MAAP (Medical Architecture), 157 Brougham St, 2011 Woolloomooloo, Sydney, Australia
Arch Psych Psych 2014;16(4):5-13
It’s commonly assumed that psychiatric violence is motivated by delusions, but here the concept of a reversed impetus is explored, to understand whether delusions are formed as ad-hoc or post-hoc rationalizations of behaviour or in advance of the actus reus. The reflexive violence model proposes that perceptual stimuli has motivational power and this may trigger unwanted actions and hallucinations. The model is based on the theory of ecological perception, where opportunities enabled by an object are cues to act. As an apple triggers a desire to eat, a gun triggers a desire to shoot.
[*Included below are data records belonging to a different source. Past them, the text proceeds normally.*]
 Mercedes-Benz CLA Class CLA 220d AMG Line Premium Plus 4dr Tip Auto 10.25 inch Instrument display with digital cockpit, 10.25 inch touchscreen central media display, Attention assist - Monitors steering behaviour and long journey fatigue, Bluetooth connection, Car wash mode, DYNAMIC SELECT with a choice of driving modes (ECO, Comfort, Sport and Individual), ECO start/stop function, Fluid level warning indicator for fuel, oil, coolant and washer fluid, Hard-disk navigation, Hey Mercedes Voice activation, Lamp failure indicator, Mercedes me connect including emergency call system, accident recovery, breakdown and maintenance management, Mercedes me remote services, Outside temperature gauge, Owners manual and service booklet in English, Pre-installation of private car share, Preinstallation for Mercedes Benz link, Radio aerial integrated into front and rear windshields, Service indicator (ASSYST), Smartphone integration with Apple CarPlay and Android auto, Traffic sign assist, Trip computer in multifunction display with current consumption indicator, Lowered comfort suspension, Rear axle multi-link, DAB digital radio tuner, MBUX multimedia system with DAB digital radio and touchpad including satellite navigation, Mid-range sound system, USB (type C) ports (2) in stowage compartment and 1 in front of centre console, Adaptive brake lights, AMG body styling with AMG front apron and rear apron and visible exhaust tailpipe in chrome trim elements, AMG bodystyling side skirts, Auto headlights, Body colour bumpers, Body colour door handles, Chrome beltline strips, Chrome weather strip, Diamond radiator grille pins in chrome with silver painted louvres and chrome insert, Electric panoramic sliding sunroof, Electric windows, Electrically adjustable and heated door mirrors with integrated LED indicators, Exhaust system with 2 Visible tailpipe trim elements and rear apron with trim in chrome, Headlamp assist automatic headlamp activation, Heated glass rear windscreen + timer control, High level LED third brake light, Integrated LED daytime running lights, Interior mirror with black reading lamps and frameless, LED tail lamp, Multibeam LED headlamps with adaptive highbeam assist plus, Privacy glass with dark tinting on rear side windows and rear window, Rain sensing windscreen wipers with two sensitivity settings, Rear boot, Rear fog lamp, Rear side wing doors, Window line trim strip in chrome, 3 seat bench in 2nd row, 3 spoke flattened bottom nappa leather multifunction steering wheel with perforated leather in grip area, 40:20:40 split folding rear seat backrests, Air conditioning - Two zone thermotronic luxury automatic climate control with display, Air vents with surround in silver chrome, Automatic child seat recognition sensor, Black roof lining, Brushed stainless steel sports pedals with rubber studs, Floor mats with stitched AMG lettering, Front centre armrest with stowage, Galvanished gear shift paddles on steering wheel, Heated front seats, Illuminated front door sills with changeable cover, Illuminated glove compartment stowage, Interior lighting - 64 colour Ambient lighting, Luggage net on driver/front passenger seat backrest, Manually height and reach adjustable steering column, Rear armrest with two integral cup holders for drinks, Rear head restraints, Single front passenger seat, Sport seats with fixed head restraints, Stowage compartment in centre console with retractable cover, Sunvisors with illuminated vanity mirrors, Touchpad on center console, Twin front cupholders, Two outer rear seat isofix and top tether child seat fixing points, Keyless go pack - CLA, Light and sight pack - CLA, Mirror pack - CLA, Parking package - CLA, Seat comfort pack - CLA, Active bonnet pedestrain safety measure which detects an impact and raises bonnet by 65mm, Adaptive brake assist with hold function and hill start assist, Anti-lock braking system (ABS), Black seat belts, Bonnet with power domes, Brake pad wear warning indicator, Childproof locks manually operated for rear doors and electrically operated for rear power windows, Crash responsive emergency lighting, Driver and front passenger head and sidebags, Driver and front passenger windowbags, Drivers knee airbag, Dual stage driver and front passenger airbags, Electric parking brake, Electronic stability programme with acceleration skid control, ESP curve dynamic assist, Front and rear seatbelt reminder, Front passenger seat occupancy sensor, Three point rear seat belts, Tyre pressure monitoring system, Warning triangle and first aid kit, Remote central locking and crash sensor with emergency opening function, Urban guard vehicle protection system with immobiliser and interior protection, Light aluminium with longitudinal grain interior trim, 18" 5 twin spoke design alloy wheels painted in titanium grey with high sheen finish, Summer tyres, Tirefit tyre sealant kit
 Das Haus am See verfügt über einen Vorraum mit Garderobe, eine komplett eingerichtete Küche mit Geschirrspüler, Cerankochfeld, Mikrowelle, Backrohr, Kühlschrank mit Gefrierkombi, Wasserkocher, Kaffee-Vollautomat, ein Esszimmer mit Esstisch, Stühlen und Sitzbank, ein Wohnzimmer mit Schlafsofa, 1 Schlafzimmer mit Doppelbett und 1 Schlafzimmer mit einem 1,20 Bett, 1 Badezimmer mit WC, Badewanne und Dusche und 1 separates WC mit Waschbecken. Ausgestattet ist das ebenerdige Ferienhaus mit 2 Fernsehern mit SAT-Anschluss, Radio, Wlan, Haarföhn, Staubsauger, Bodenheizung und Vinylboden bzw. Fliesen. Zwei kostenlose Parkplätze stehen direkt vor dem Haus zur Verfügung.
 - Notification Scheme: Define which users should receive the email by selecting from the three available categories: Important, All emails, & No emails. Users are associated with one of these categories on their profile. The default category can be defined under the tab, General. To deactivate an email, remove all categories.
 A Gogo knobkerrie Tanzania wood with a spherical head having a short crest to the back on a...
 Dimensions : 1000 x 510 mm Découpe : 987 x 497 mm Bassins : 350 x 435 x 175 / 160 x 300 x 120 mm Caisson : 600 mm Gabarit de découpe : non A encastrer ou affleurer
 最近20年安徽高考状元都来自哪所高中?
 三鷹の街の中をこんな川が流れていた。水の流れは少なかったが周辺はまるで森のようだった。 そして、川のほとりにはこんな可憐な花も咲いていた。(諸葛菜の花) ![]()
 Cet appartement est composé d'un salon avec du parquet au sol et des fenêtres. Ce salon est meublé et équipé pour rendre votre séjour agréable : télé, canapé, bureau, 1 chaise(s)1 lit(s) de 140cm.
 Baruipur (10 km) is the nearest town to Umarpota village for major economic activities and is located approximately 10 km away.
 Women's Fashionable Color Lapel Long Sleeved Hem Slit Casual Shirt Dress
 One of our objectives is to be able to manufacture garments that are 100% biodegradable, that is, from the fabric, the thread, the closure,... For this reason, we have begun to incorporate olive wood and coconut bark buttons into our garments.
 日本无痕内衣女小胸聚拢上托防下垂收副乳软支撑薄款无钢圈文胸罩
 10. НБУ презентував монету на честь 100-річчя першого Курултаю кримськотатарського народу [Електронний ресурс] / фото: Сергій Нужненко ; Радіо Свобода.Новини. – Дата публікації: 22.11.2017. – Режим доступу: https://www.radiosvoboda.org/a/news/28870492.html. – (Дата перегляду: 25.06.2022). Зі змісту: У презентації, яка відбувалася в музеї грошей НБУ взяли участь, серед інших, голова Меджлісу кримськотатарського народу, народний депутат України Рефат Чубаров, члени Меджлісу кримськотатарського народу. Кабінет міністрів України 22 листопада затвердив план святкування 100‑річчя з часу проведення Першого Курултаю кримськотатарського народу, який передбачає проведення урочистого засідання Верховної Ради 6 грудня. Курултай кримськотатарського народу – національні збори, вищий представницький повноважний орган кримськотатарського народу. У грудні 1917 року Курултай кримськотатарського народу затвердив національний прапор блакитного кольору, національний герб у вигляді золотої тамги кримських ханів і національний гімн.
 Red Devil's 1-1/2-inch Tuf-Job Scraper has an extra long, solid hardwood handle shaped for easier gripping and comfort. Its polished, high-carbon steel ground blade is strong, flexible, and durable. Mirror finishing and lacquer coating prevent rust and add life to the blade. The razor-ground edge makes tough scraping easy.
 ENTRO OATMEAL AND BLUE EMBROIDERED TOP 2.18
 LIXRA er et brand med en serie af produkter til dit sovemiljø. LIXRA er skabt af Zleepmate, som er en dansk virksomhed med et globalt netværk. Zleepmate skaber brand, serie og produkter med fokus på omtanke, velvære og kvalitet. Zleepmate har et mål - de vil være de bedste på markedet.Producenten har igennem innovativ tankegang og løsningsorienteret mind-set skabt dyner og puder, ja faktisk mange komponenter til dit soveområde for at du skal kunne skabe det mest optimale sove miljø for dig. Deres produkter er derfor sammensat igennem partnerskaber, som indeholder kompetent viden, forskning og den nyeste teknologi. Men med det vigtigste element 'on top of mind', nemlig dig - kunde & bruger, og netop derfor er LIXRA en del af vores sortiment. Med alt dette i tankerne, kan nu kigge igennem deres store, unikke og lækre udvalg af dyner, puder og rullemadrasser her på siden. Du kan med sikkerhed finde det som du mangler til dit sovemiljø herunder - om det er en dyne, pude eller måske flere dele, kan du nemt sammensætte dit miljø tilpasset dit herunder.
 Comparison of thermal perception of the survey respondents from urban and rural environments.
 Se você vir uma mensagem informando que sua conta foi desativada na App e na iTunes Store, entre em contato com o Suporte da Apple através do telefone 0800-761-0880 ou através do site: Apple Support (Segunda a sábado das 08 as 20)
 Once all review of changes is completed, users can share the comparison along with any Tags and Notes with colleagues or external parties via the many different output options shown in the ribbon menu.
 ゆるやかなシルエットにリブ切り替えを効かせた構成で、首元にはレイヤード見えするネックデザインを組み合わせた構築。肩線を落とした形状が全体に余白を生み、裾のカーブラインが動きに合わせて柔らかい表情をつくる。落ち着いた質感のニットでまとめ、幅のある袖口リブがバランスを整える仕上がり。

These affordances (as they are called) are part of the perceptual apparatus, they allow the direct recognition of objects – and in emergencies they enable the fastest possible reactions. Even under normal circumstances, the presence of a weapon will trigger inhibited violent impulses. The presence of a victim will also, but under normal circumstances, these affordances don’t become violent because negative action impulses are totally inhibited, whereas in psychotic illness, negative action impulses are treated as emergencies and bypass frontal inhibitory circuits. What would have been object recognition becomes a blind automatic action. A range of mental illnesses can cause inhibition to be bypassed. At its most innocuous, this causes both simple hallucinations (where the motivational power of an object is misattributed). But ecological perception may have the power to trigger serious violence also –a kind that’s devoid of motives or planning and is often shrouded in amnesia or post-rational delusions.